*** Records for processing ***

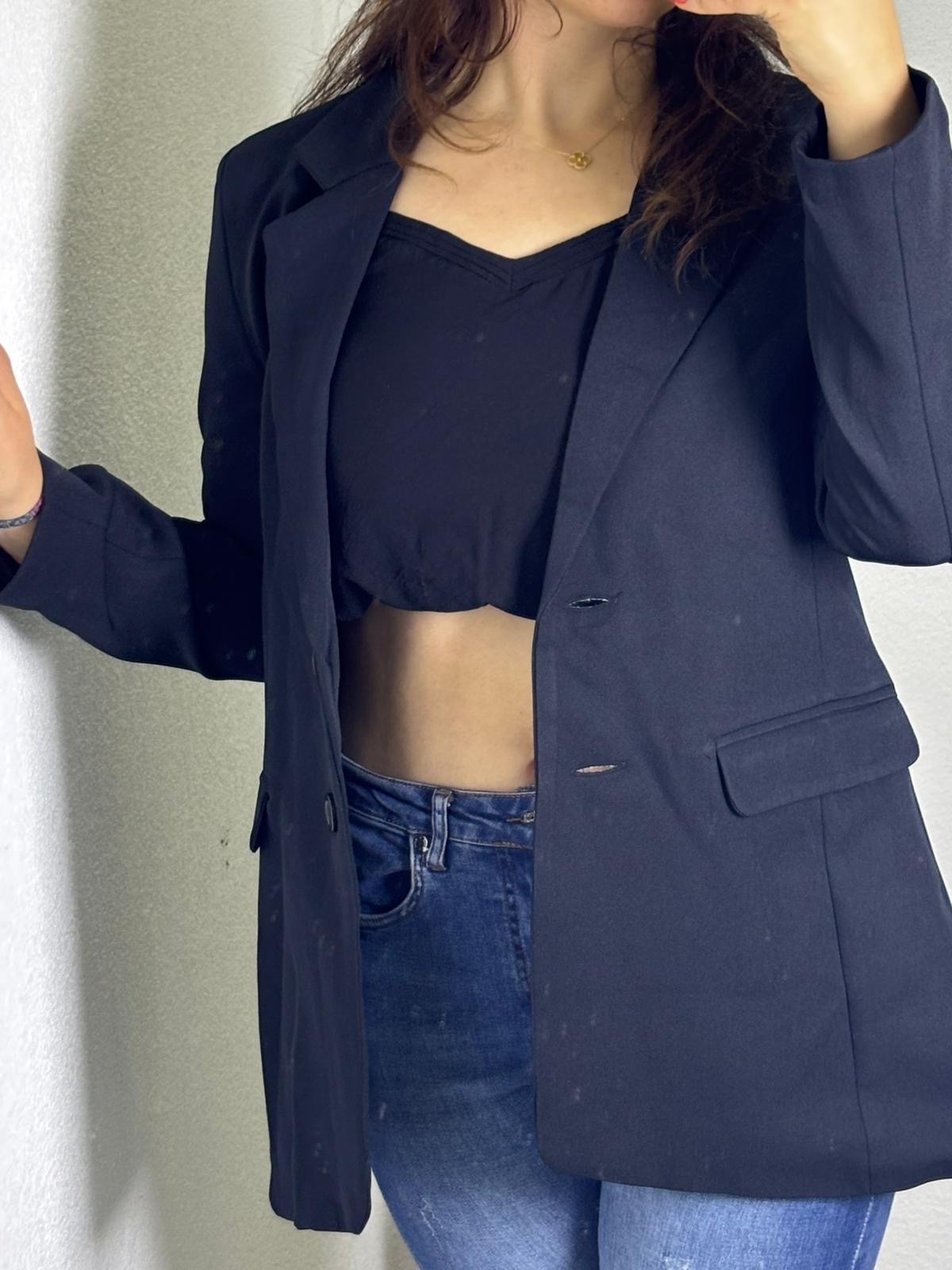 Moderan ženski sako sa kaišem u crnoj boji — elegantan i svestran komad koji se lako kombinuje uz farmerke, suknje ili poslovne pantalone. Idealno rješenje za svaki dan ili posebne prilike.
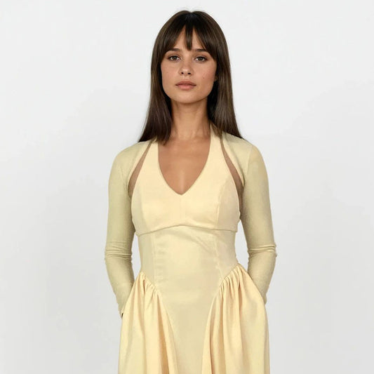 Hillary Halter Sleeveless Midi Dress with Bust Pads
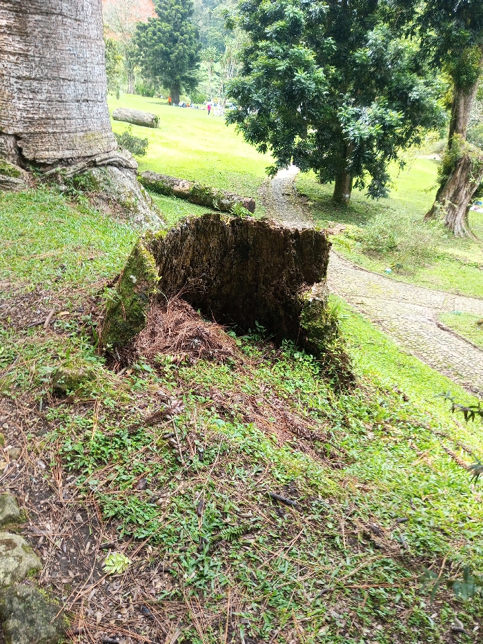 A tree stump, covered in moss and surrounded by fallen pine needles and various greenery, dominates the foreground. In the background, a grassy field with trees, logs, and a visible path are seen. Some people are picnicking in the distance. A large tree trunk stands to the left, and a paved pathway winds along the right side of the frame. The overall scene depicts a park setting on a slightly overcast day.
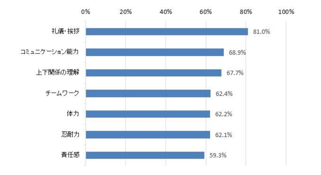 運動部の活動を通じて身についた強みの上位3位は、「礼儀・挨拶(81.0%)」「コミュニケーション能力(68.9%)」「上下関係の理解(67.7%)」だった。そのほか、「チームワーク(62.4%)」「体力(62.2%)」「忍耐力(62.1%)」も割合が高く、異なる年代・年齢で構成された競技チームにおいて、コミュニケーション方法や振る舞いを身につけている様子が見てとれる。【図5】
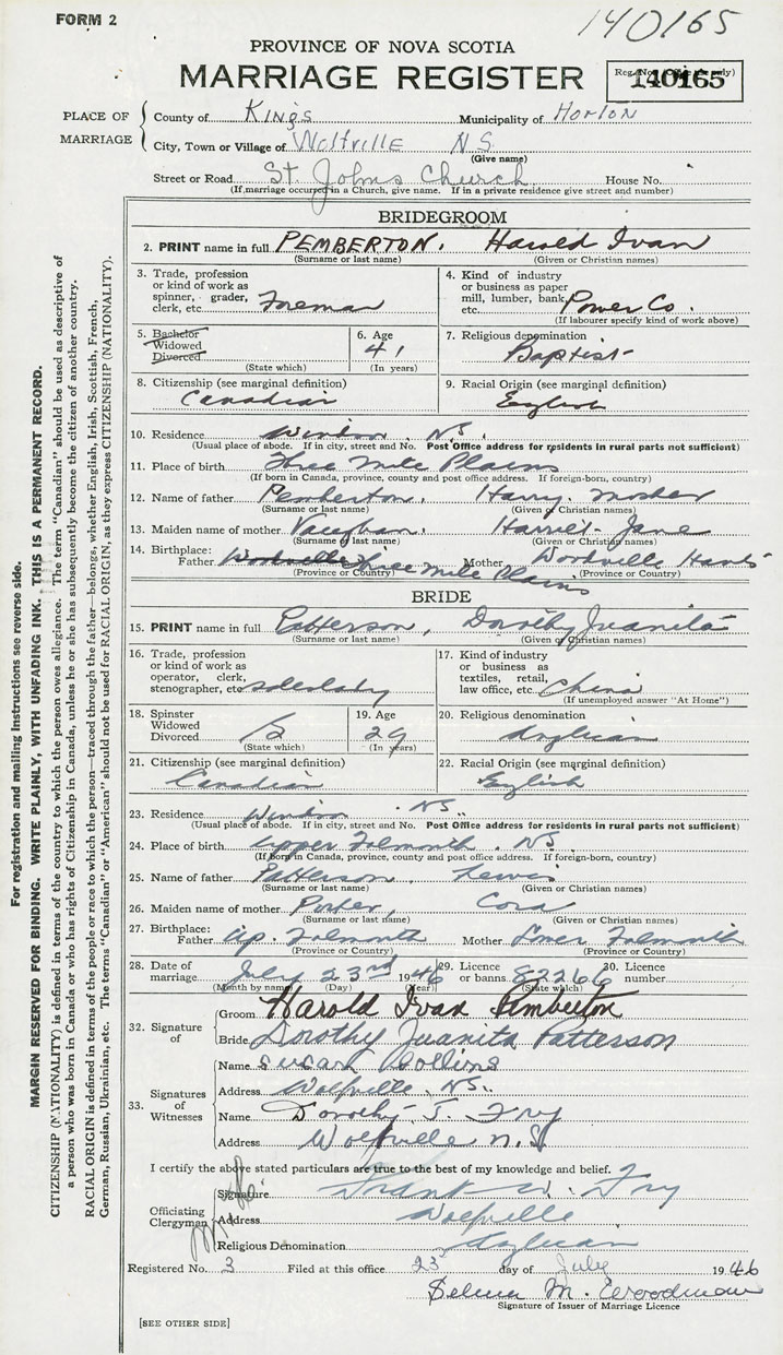 Groom Harold Ivan Pemberton
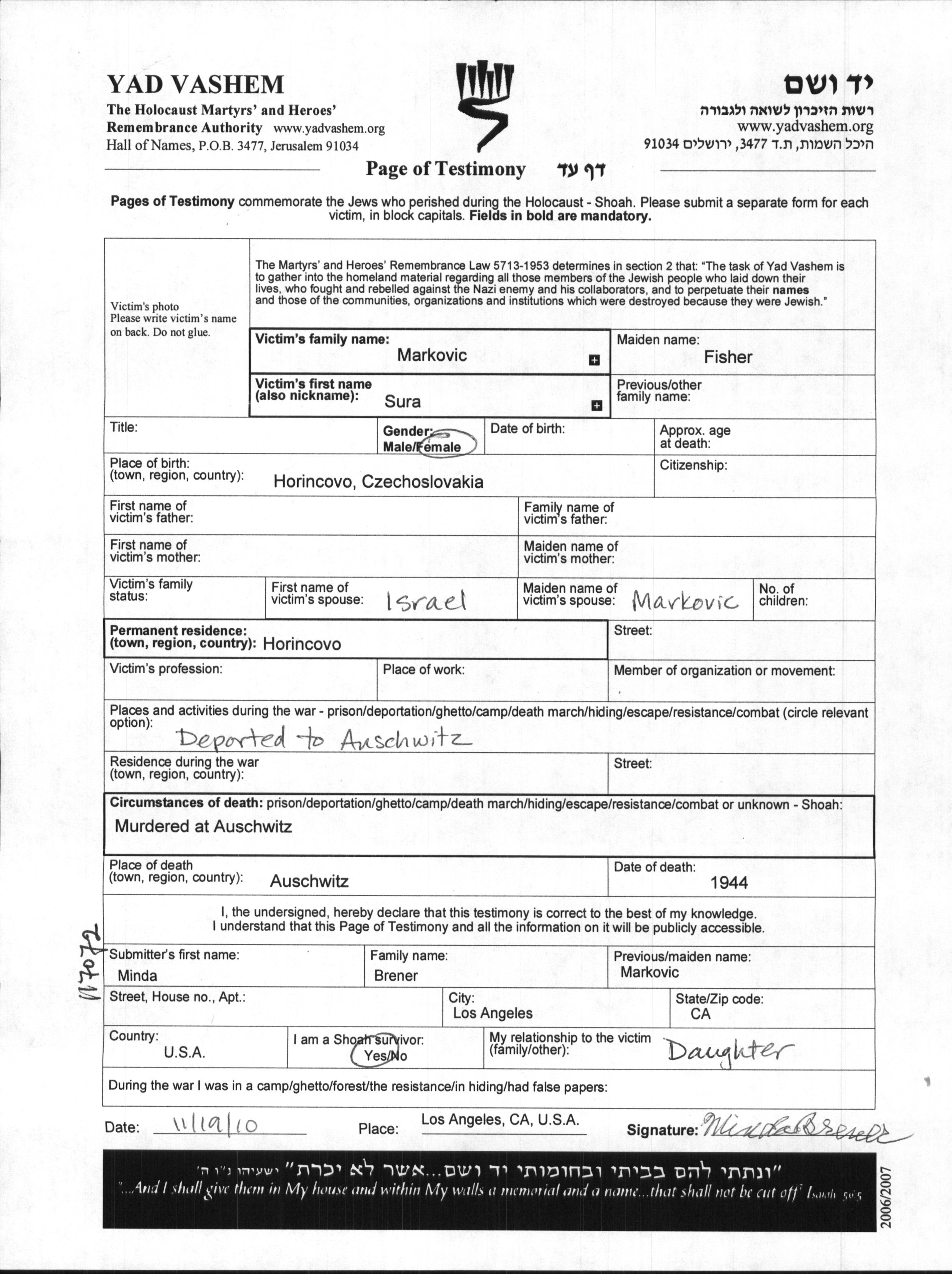 Sura Markovic, geb. Fisher wurde in Horincovo, Tschechoslowakei geboren. Sie war mit Israel Verheiratet. Vor dem Zweiten Weltkrieg lebte sie in Horincovo, Tschechoslowakei.
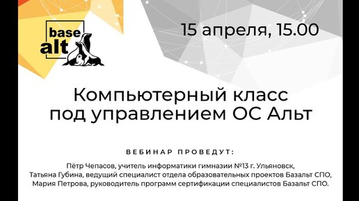 Вебинар: Компьютерный класс под управлением ОС Альт реальный опыт
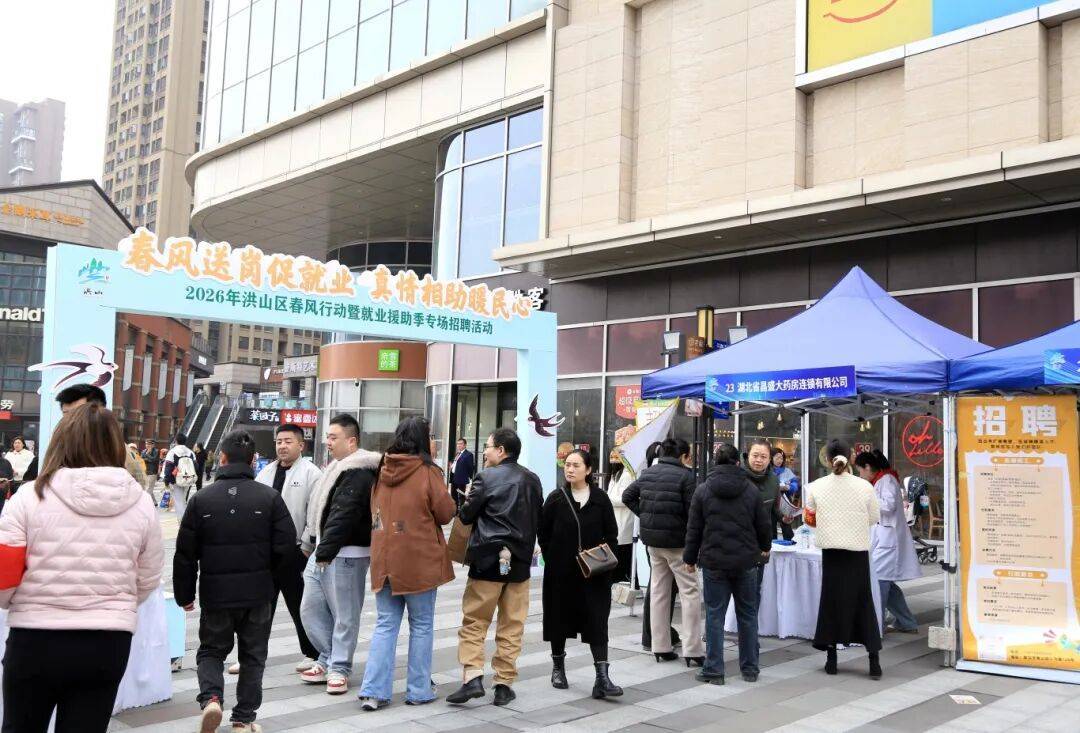 湖北日报客户端讯(肖满、胡权、肖啸龙)3月6日,“春风送岗促就业 真情相助暖民心”——2026年洪山区春风行动暨就业援助季和平街金地广场专场招聘会举行。洪山区人力资源局聚焦一季度“开门红”十大行动,为企业和求职者搭建对接平台,为区域就业市场注入新活力。

*** End of Records for processing ***

Output every record verbatim, skipping images.

 Moderan ženski sako sa kaišem u crnoj boji — elegantan i svestran komad koji se lako kombinuje uz farmerke, suknje ili poslovne pantalone. Idealno rješenje za svaki dan ili posebne prilike.
 Hillary Halter Sleeveless Midi Dress with Bust Pads
 A tree stump, covered in moss and surrounded by fallen pine needles and various greenery, dominates the foreground. In the background, a grassy field with trees, logs, and a visible path are seen. Some people are picnicking in the distance. A large tree trunk stands to the left, and a paved pathway winds along the right side of the frame. The overall scene depicts a park setting on a slightly overcast day.
 運動部の活動を通じて身についた強みの上位3位は、「礼儀・挨拶(81.0%)」「コミュニケーション能力(68.9%)」「上下関係の理解(67.7%)」だった。そのほか、「チームワーク(62.4%)」「体力(62.2%)」「忍耐力(62.1%)」も割合が高く、異なる年代・年齢で構成された競技チームにおいて、コミュニケーション方法や振る舞いを身につけている様子が見てとれる。【図5】
 Groom Harold Ivan Pemberton
 Sura Markovic, geb. Fisher wurde in Horincovo, Tschechoslowakei geboren. Sie war mit Israel Verheiratet. Vor dem Zweiten Weltkrieg lebte sie in Horincovo, Tschechoslowakei.
 Вебинар: Компьютерный класс под управлением ОС Альт реальный опыт
 湖北日报客户端讯(肖满、胡权、肖啸龙)3月6日,“春风送岗促就业 真情相助暖民心”——2026年洪山区春风行动暨就业援助季和平街金地广场专场招聘会举行。洪山区人力资源局聚焦一季度“开门红”十大行动,为企业和求职者搭建对接平台,为区域就业市场注入新活力。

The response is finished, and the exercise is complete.